The sad thing is that we'll probably see this plane fly again by the end of the year, because the millions of dollars in retrofits will still be cheaper than having to scrap all existing planes.

We have no idea what other potentially lethal corners have been cut. What if they go back into service, after several months of retrofitting all of them at Boeing maintenance hangers, and then the following year there are two more deadly crashes from some other overlooked hack.

Really, these planes need to be scrapped. The engines, equipment, seats, etc can all be stripped and used in other planes, but the air frames will need to be recycled and this line of planes should end here.

Even if it doesn't (probably won't), I highly doubt we'll see another generation of 737s. They did survive the rudder problems way back from the... 80s? or 90s? .. So their reputation might recover, but they still can't make the types of planes airlines want and keep that name/certification.

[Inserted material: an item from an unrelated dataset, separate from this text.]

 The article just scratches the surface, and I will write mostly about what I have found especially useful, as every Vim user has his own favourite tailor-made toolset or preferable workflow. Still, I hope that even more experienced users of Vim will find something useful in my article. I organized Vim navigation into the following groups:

I had forgotten about the rudder problems! Worth a read: https://imgur.com/a/5wcFx8M

> Perhaps the single most complex, insidious, and long-lasting mechanical problem in the history of commercial aviation was the mysterious rudder issue that plagued the Boeing 737 throughout the 1990s. Although it had long been rumoured to exist, the defect was suddenly thrust into the spotlight when United Airlines flight 585 crashed on approach to Colorado Springs on the third of March, 1991, killing all 25 people on board. The crash resulted in the longest investigation in NTSB history, years of arduous litigation, and a battle with Boeing over the safety of its most popular plane.

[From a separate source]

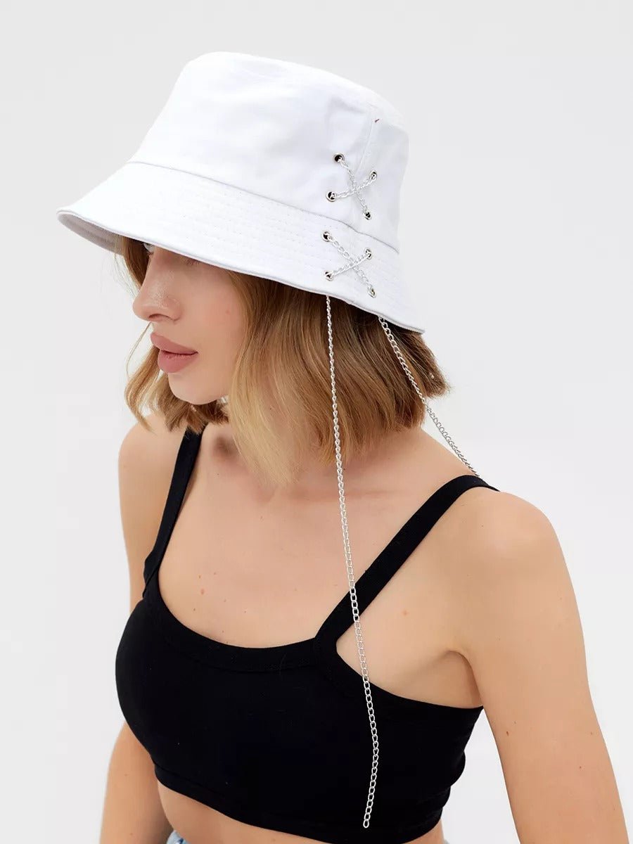 Bob in cotone unisex, cappello streetwear, con catene, accessorio Y2K, modello Kaina

For anyone who enjoyed the write up, it's from reddit user AdmiralCloudberg who has a bunch of them, and they're all good: https://www.reddit.com/r/AdmiralCloudberg/comments/a4ckhv/pl...

Those images are blocked for me at work, would have been helpful if they had added the text itself to the Reddit posts!

In what world is scrapping the airframes due to a (serious) software fault the best and most sensible solution? Do you believe there could be undiagnosed problems with the wings, fuselage, tail, hydraulics, electrics, fueling system, gear, etc.?

In what world is scrapping the airframes due to a (serious) software fault the best and most sensible solution?

A world in which the faulty software was required to fix faulty hardware.

The hardware isn't faulty. The problem is the way Boeing tried to achieve a zero training delta so pilots wouldn't have to get a second type rating.

the airplane did not have stable flight characteristics because of its physical design.

that’s a hardware problem.

MCAS only exists because of that hardware problem.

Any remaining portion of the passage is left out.